Type design has become pop. Does that make sense? Back in the day (as it were), a single typeface—it’s different weights, italics, etc, etc—could be a man’s (and it was always a man) life work, his design legacy. They were mostly self-named, like Gill, Baskerville, Bodoni … Named after the guy who spent his life perfecting them. Fair enough. Type design was a serious business. Now it’s easier.
With the computerisation of the graphic design process and the print process, the introduction of the ubiquitous Apple Mac and a piece of software from now-defunct publisher Altsys called Fontographer, it slowly but surely became possible for everybody to be a type designer. Quickly too—You can easily knock together a simplistic alphabet (or whatever) in a couple of hours. Not quite the same as a lifetime of diligent effort. So type design is not approached with the same reverence it once was. Now it can be fun, because if it is flippant, if it is frivolous, you have not wasted your whole life creating it. Maybe you’ve just wasted a day or two. So it’s fun, it’s easy and it’s accessible.
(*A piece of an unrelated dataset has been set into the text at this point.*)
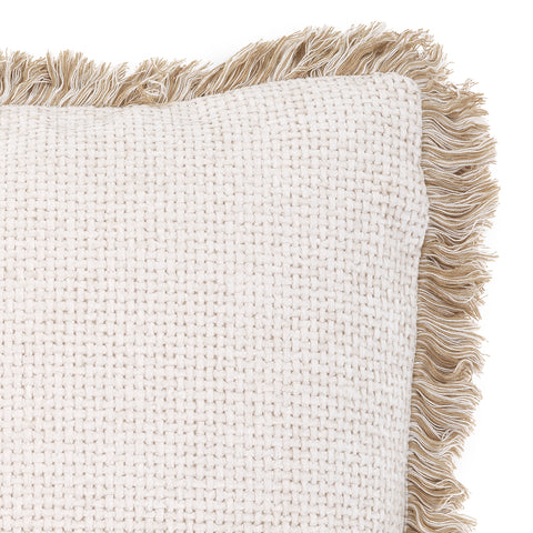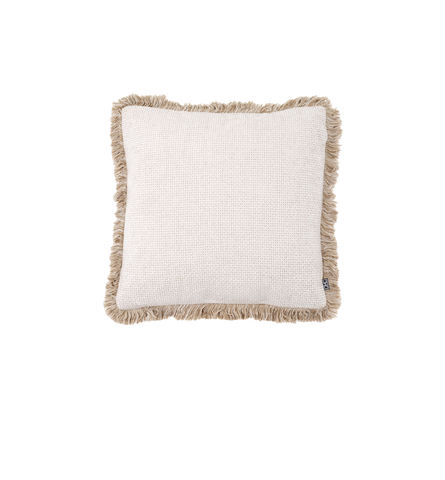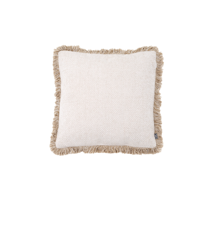 Déjate llevar por tu gusto por el lujo con la pequeña almohada Nami. Este cojín cuadrado tiene esquinas redondas y una suave funda Lyssa en blanco roto con flecos color crema. Hará que tu cama o sala de estar sea acogedora al istante.

Naturally it’s pop then—fashions change in days and weeks, not decades and now typefaces come and go with them. This has freed the wilder end of the design world. If type design is no longer going to consume your life, there is no real barrier to experimentation any more. Where a flight of design fancy would in the past have been buried at the back of a designer’s mind, nowadays it can be pursued and executed quickly and with a minimum of hassle. Experimentation therefore is rife—and exciting. Alphabets? Who says they are inviolate? Why not create a typeface entirely out of characters culled from corporate logotypes? Why not destroy our roman letterforms and replace them with something more meaningful? Or less meaningful? Want to see what would happen if you cross-bred two existing typefaces? Go on then—it’s easy. Relatively speaking anyway.
In fact, why not go the whole hog and ignore language completely … I think of the framework of typeface as just that—a framework. It is a delivery medium for monotone images—glyphs, shapes, pictures, words, textures, anything I want to put into that framework. The only limit is what I can dream up.
I always wondered what the most efficient alphabet would be. Not the most legible, not the easiest to print, but the essence of the letterforms. I boiled our roman alphabet down to one commonly used phrase—A to Z. Beginning to end. Start to finish. I thought—what is the shortest route from A to Z? Seems to me the shortest, purest, most obvious route is to morph the letter A into the form of the letter Z. That should do it. So I did—in a 26 frame animation. Then I took each frame one at a time and made it a character for my typeface. I ended up with the alphabet as the crow flies—AytoZed, as I called it.
Pointless? Maybe. Useless? Almost definitely. Fun though.